Contemporary Classical, Songs

Lucy Fitz Gibbon/Ryan MacEvoy McCullough: here at the end of the world – art song of Pablo Ortiz

In this album, which gathers art songs by Pablo Ortiz (b. 1956), one encounters a coastline of sounds where fragments arrive through tides of memory: a piece of driftwood, a coil of rope, a shell whose interior still whispers of the sea that shaped it. Melody, rhythm, and dynamic inflection refract through the texture of the music, producing a spectrum that unfolds across the horizon, colors emerging through proximity. In Ortiz’s hands, words are not pressed into musical molds; the music grows from them. The poems breathe because the composer allows them space. In soprano Lucy Fitz Gibbon and pianist Ryan MacEvoy McCullough, he finds interpreters who understand that love—hovering over much of this repertoire—refuses a single definition. It is tidal, advancing and receding, leaving small relics that reveal its scale.

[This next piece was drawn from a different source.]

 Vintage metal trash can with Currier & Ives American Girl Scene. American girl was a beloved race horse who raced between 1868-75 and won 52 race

The program opens with three poems by Katie Peterson (b. 1974), whose attention to detail carries the precision of a camera shutter freezing the instant before motion dissolves. “Earth” opens girlhood through the discovery of a dusty box in an abandoned house facing the sea. Recollection appears in the manner of glass discovered along a shoreline, polished by time yet still capable of cutting. Near the close, a gentle pulse begins to knock at the threshold of consciousness, asking whether the dream of becoming what others expect can survive the erosion of self-perception. “From This House That House” introduces a bright undertow with a brackish bent. The song charts distance, relocation, and the geography of identity; one leaves a house only to find oneself in another. The piano moves with restless motion while Fitz Gibbon’s line rises and falls, life stretching and slackening in alternating breaths as entropy continues its patient mission. A tense piano introduction opens “Speech on a Summer Night,” creating an atmosphere charged with nervous droplets and hesitations. The voice then enters with stark clarity, cutting into memoir. The gesture wounds the past yet leaves it living. Confession operates through such injuries.

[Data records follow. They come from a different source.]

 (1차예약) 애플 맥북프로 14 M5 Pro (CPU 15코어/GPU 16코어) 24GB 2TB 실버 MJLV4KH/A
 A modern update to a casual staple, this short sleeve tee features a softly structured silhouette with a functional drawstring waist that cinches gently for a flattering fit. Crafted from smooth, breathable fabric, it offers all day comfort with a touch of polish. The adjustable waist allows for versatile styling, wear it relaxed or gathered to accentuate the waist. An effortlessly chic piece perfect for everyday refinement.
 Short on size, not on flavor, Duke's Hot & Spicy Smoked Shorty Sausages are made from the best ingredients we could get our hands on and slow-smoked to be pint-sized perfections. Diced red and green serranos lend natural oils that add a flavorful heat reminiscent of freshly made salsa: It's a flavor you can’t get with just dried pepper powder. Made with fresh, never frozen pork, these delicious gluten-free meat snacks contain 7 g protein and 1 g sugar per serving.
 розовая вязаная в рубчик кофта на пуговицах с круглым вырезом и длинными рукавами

Two poems by Rosario Castellanos (1925–1974) follow. In “Elegía,” the body and its signs scatter outward through invisible currents. Resignation appears alongside tenderness toward dispersal. Identity travels across time and geography until its fragments recognize one another again. Eternity emerges not through revelation but through the gradual convergence of distant echoes. Its companion, “Nocturno,” unfolds with extraordinary patience. Absence becomes a second language.

Sidney Hall Jr.’s “McClure’s Beach” (b. 1951) presents the world eroding. The theme slowly releases its energy, the textures thinning without dramatization. Clarity arrives in subdued shades. McCullough shapes these textures with care, tracing each contour with close attention. Thomas Hardy’s “Neutral Tones” (1840–1928) continues this meditation on fragile states of being, its rhyme scheme dissolving into ambiguity, allowing the imagery to move with unsettling grace. Hardy’s landscape is drained of warmth, yet fascination percolates through its pallor. There is beauty in this indifference.

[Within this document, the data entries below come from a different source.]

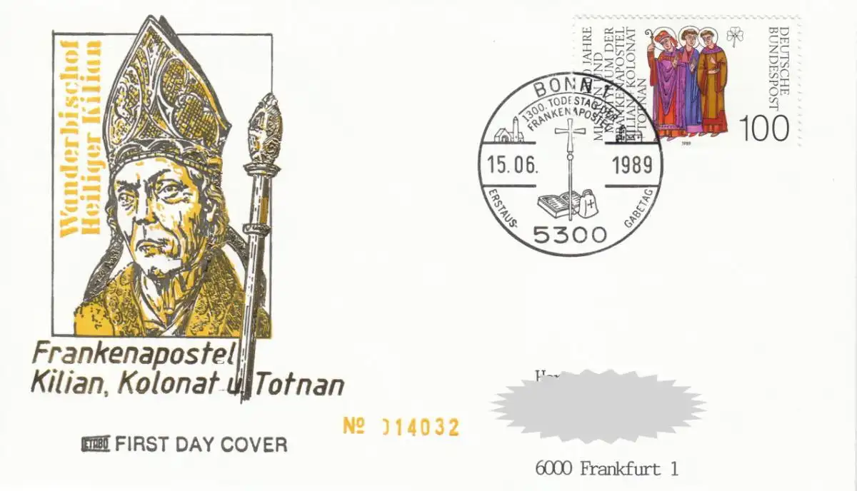 FDC: 1300. Todestag der Frankenapostel Kilian, Kolonat und Totnan: Die Heiligen Kilian, Kolonat und Totnan († 689), iro-schottische Wandermönche
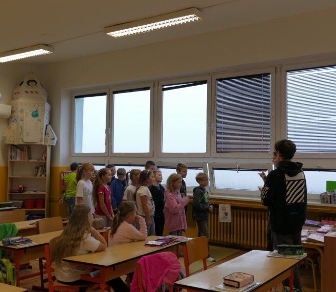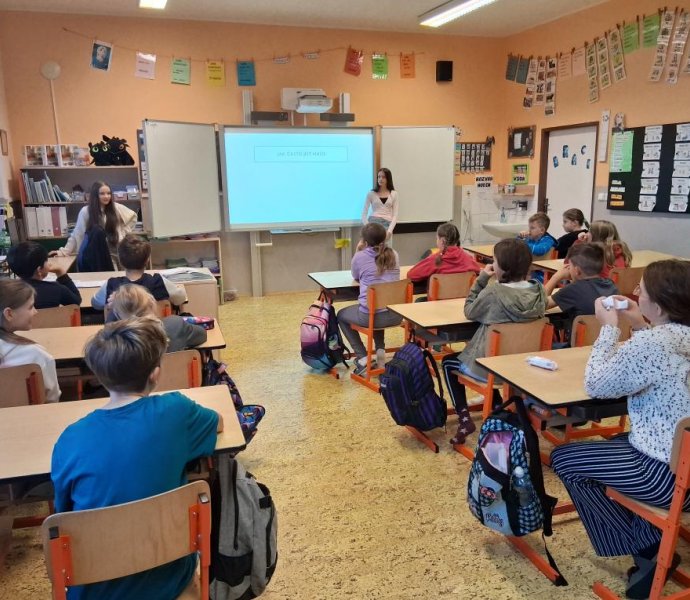 V letošním roce se do projektového dne zapojili i žáci 9. tříd, kteří si pro žáky I. stupně připravili prezentace o zdravé výživě, ale i soutěže s úkoly.
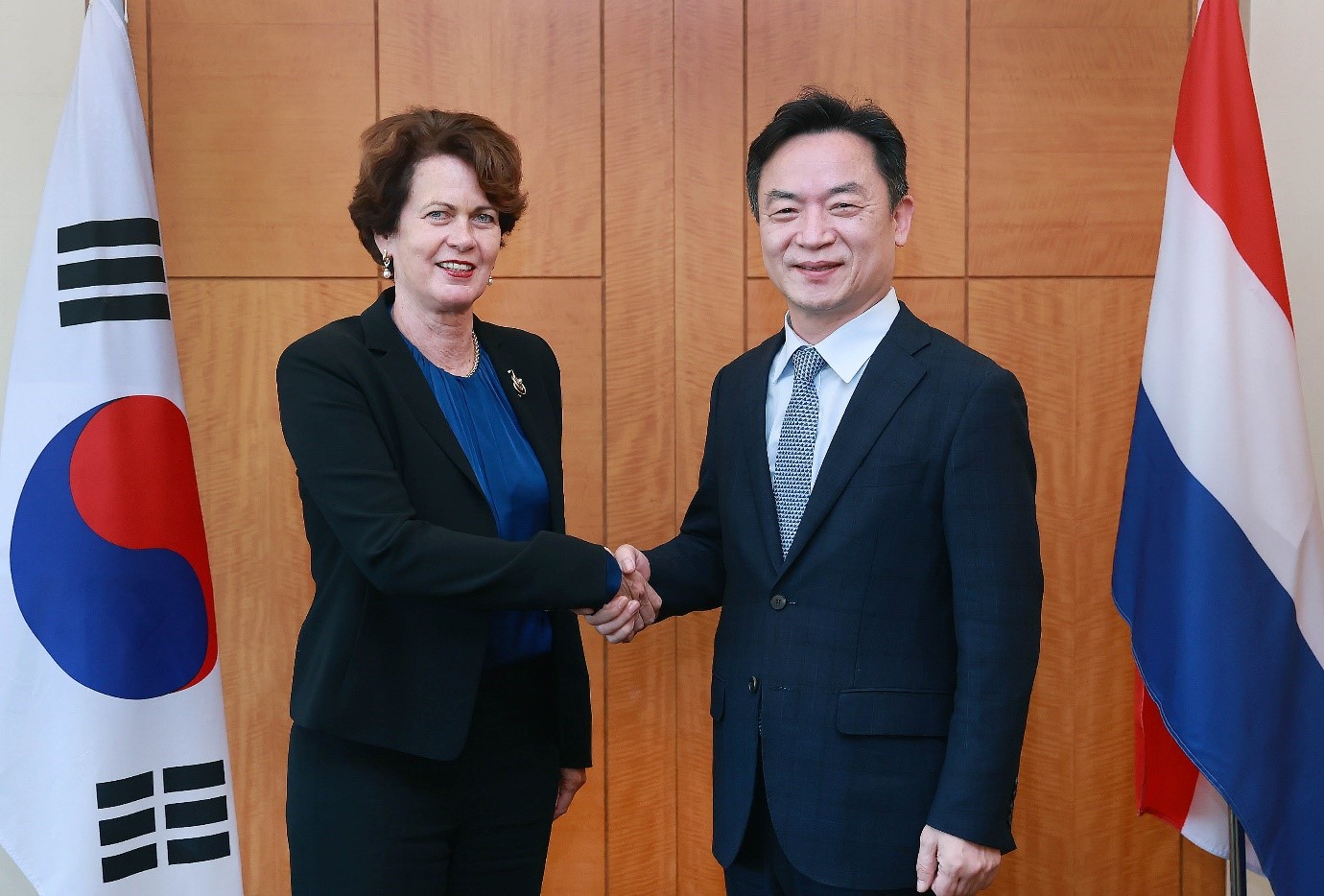 Trade, Industry and Energy Ministry’s Deputy Trade Minister Jeong Dae-jin met with the Netherlands Vice Minister for Foreign Economic Relations Hanneke Schuiling on October 18 at the Lotte Hotel Seoul to discuss semiconductors, nuclear energy, hydrogen and advancement of bilateral economic ties. date2022-10-24

Two poems by María Negroni (b. 1951) follow. “chorus musicus” provides the album’s most chromatic moment, both linguistically and musically. Verses flash with unusual brilliance. The recurring image of a ship returns, though this vessel hesitates at the threshold of departure. It drifts near fire, suspended between ruin and buoyancy, water restraining the threat of combustion. “los cementerios de Paris” turns inward and unfolds with solemn foresight, opening a view onto the difficult terrain of the human heart, across which Fitz Gibbon sustains ethereal continuity. A reprise of “From This House That House” restores earlier ground, reinforcing the cycle of departure and return while revealing a changed shoreline. The album then closes with a setting of Yehuda Halevi (1075–1141), “When a long silver hair,” performed by Fitz Gibbon alone. Couched in intimate humor, it dots the “i” of aging with a flourish.

Remarkable about this collection is its sense of discovery. Each song preserves evidence of passage without insisting on final interpretation. The listener becomes a wanderer gathering impressions whose meanings lie open. Perhaps this uncertainty forms Ortiz’s deeper question. Human life unfolds through fragments whose origins are partly hidden. We inherit gestures, languages, memories, and desires without knowing the flows that carried them to us. Yet dignity emerges from that uncertainty. Recognition of the fragment acknowledges that meaning rarely appears in finished forms. Truth persists even in partial remains, luminous despite the missing edge.

here at the end of the world is available from False Azure Records.